Lighters Up: The Lil' Kim Experience

Lil_kim Here's one important thing you need to know about hip-hop queen Lil' Kim: she loves Vermont. Like, a lot. She told us so about 350 times at Wednesday night's show at Higher Ground.

But she doesn't love us in the same way that your grandma loves you. She doesn't want to bake you cookies or tousle your hair. No, she loves us in that freak-nasty, look-where-I-can-put-my-leg kind of way. Basically, she wants to fuck our brains out. Which kind of makes up for the fact that her show, all 60 minutes of it, was really a lackluster parade of old beats and late '90s hip-hop standards.

I hate saying that about Lil' Kim.
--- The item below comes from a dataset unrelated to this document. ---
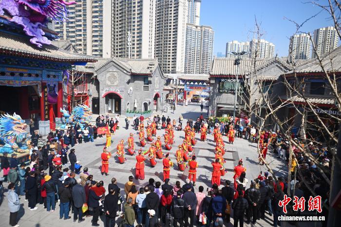 3月20日,在位于甘肃省兰州市的兰州老街,祥龙献瑞民俗活动进行中。当日是中国农历马年二月初二,兰州老街举行了祥龙献瑞、彩龙翻飞、龙跃老街等二月二传统民俗活动,以祈愿鸿运抬头、风调雨顺。中新社记者 李亚龙
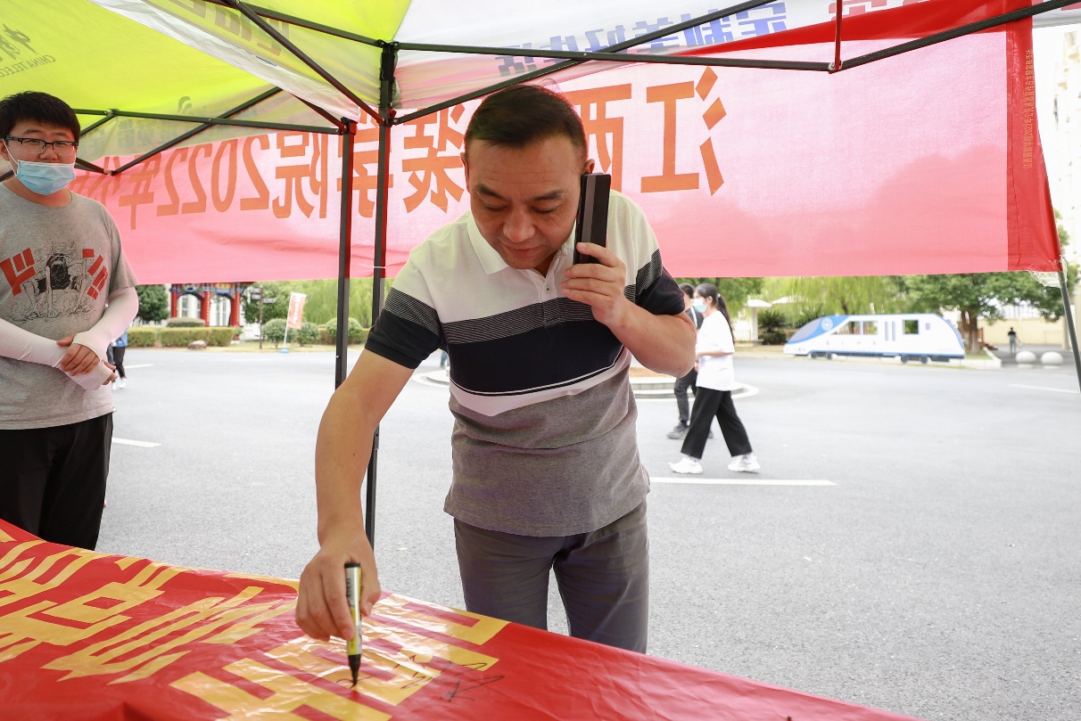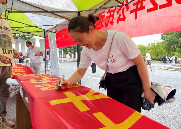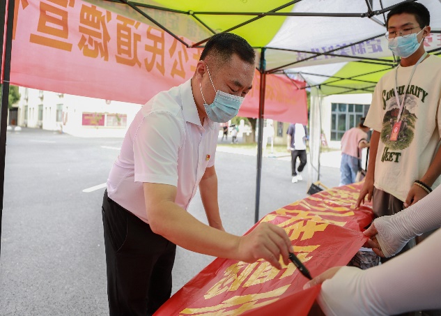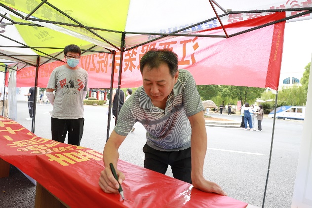 9月20日中午,党委宣传部学生记者在校园内开展公民道德宣传活动。活动中,志愿者们在清源区、西区通道口向过往学生发放《公民道德倡议书》等宣传资料,讲解文明礼仪、道德规范,重点内容宣讲《新时代公民道德建设实施纲要》,号召广大学生遵公德、守道德、扬品德,从我做起,自觉践行社会主义核心价值观。活动结束后,志愿者们发起“喜迎党的二十大 践行公民道德,做文明有礼大学生”签名活动,吸引百余名师生参与签名,立下文明誓言。

I mean, she's the Queen Bee, the Original Bitch, the Black Barbie. And she's a felon. She's done hard time. But maybe she lost a little something during her year spent in the Philadelphia Federal Detention Center. For a woman who plied her trade in extreme raunch (read the lyrics to "Suck My Dick"), her vanilla show left a little to be desired.

Of all the shows I have ever attended at Higher Ground, this is the first where I have been greeted at the door by a pat-down. I kind of liked it. It made me feel like the show I was about to see had some element of danger. Like there was going to be some sort of Hot 97-esque shootout. You know, with all our rival hip-hop crews here in Vermont.

After my thrilling frisking, I entered the main room to find a packed house. The show, to my surprise, was sold out. Who knew the 35-year-old Lil' Kim was such a draw here in Whitetown? Apparently all the women there wearing sequined mini-dresses the size of a stick of gum. Immediately I felt like I was wearing too much clothing. 

It only took the Queen Bee about an hour to come out of her hive. But only after about a half an hour of cajoling by her co-MC, who must have hollered, "Make some muthafuckin' noise" like 90 times.

Lil-kim
Someone forgot her shirt again.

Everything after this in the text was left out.